Beautiful Soup的简介
Beautiful Soup是python的一个库,最主要的功能是从网页抓取数据。官方解释如下:
1、Beautiful Soup提供一些简单的、python式的函数用来处理导航、搜索、修改分析树等功能。它是一个工具箱,通过解析文档为用户提供需要抓取的数据,因为简单,所以不需要多少代码就可以写出一个完整的应用程序。
2、Beautiful Soup自动将输入文档转换为Unicode编码,输出文档转换为utf-8编码。你不需要考虑编码方式,除非文档没有指定一个编码方式,这时,Beautiful Soup就不能自动识别编码方式了。然后,你仅仅需要说明一下原始编码方式就可以了。

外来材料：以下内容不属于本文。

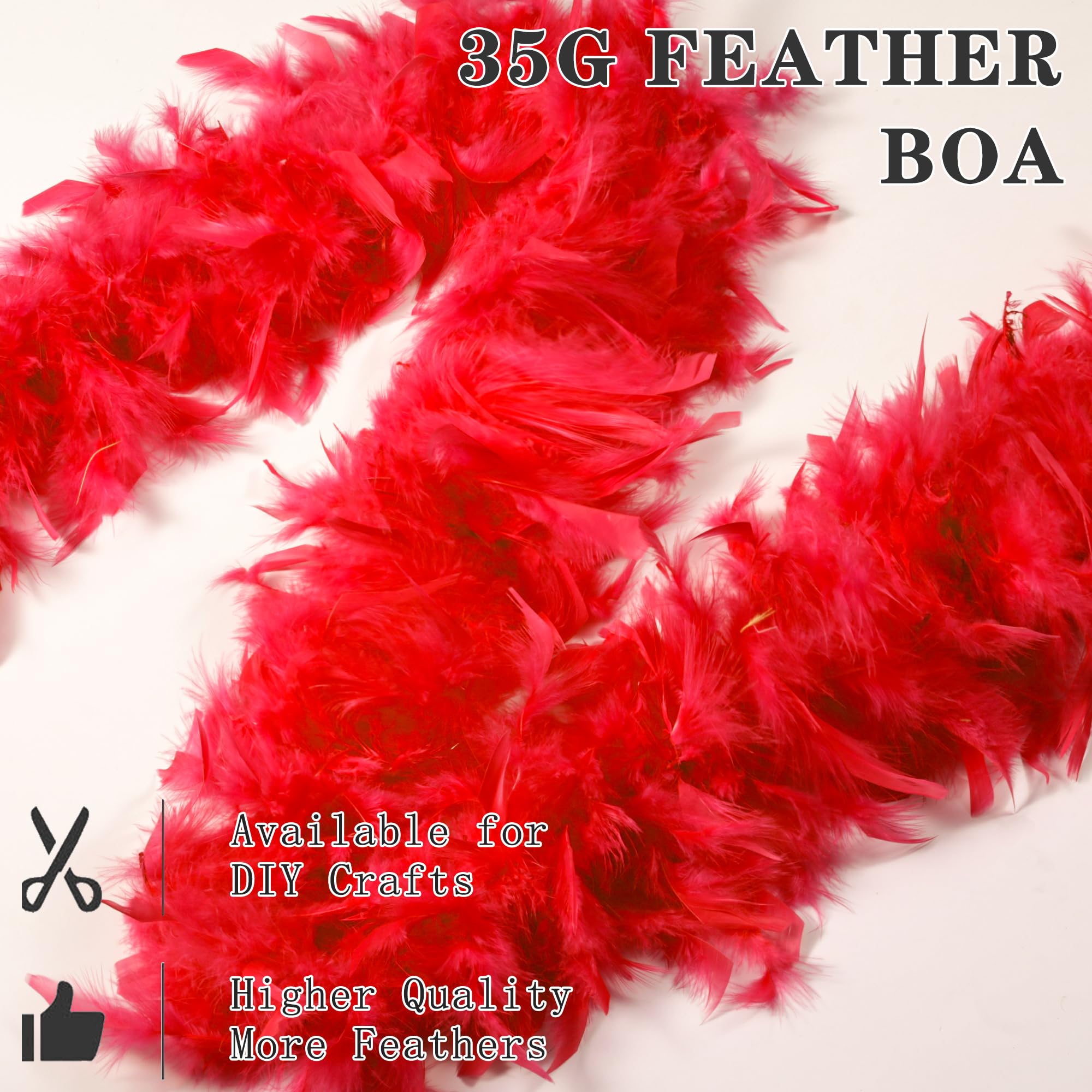 More Fluffy Feather Boas: Red feather boas are made with 35 grams of feathers to ensure a fuller, richer appearance. Experience the epitome of luxury and glamour as you don our boas feather

3、Beautiful Soup已成为和lxml、html6lib一样出色的python解释器,为用户灵活地提供不同的解析策略或强劲的速度。
各种解析器优缺点
Beautiful Soup支持Python标准库中的HTML解析器,还支持一些第三方的解析器,如果我们不安装它,则 Python 会使用 Python默认的解析器,lxml 解析器更加强大,速度更快,推荐安装(pip install lxml)
解析器 | 使用方法 | 优势 | 劣势 |
Python标准库 | BeautifulSoup(markup, “html.parser”) | Python的内置标准库、执行速度适中、文档容错能力强 | Python 2.7.3 or 3.2.2)前 的版本中文档容错能力差 |
lxml HTML 解析器 | BeautifulSoup(markup, “lxml”) | 速度快、文档容错能力强 | 需要安装C语言库 |
lxml XML 解析器 | BeautifulSoup(markup, [“lxml”, “xml”])或BeautifulSoup(markup, “xml”) | 速度快、唯一支持XML的解析器 | 需要安装C语言库 |
html5lib | BeautifulSoup(markup, “html5lib”) | 最好的容错性、以浏览器的方式解析文档、生成HTML5格式的文档、不依赖外部扩展 | 速度慢 |
BeautifulSoup
简介
1、将一段文档传入BeautifulSoup 的构造方法,就能得到一个文档的对象, 可以传入一段字符串或一个文件句柄
2、首先,文档被转换成Unicode,并且HTML的实例都被转换成Unicode编码
3、然后Beautiful Soup选择最合适的解析器来解析这段文档,如果手动指定解析器那么Beautiful Soup会选择指定的解析器来解析文档
例1:
from bs4 import BeautifulSoup #导入bs4库
html = """
<html><head><title>The Dormouse's story</title></head>
<body>
<p class="title" name="dromouse"><b>The Dormouse's story</b></p>
<p class="story">Once upon a time there were three little sisters; and their names were
<a href="http://example.com/elsie" class="sister" id="link1"><!-- Elsie --></a>,
<a href="http://example.com/lacie" class="sister" id="link2">Lacie</a> and
<a href="http://example.com/tillie" class="sister" id="link3">Tillie</a>;
and they lived at the bottom of a well.</p>
<p class="story">...</p>
"""
soup = BeautifulSoup(html,"lxml")#指定解析器,创建beautifulsoup对象
print(type(soup))
HTML_prettify = soup.prettify() #打印一下soup对象的内容,格式化输出
print(HTML_prettify)
"""
<html>
<head>
<title>
The Dormouse's story
</title>
</head>
<body>
<p class="title" name="dromouse">
<b>
The Dormouse's story
</b>
</p>
<p class="story">
Once upon a time there were three little sisters; and their names were
<a class="sister" href="http://example.com/elsie" id="link1">
<!-- Elsie -->
</a>
,
<a class="sister" href="http://example.com/lacie" id="link2">
Lacie
</a>
and
<a class="sister" href="http://example.com/tillie" id="link3">
Tillie
</a>
;
and they lived at the bottom of a well.
</p>
<p class="story">
...
</p>
</body>
</html>
"""
另外,我们还可以用本地HTML文件来创建对象,例如
例1_1:
from bs4 import BeautifulSoup
html = open("F:\\test.txt","r",encoding="utf-8")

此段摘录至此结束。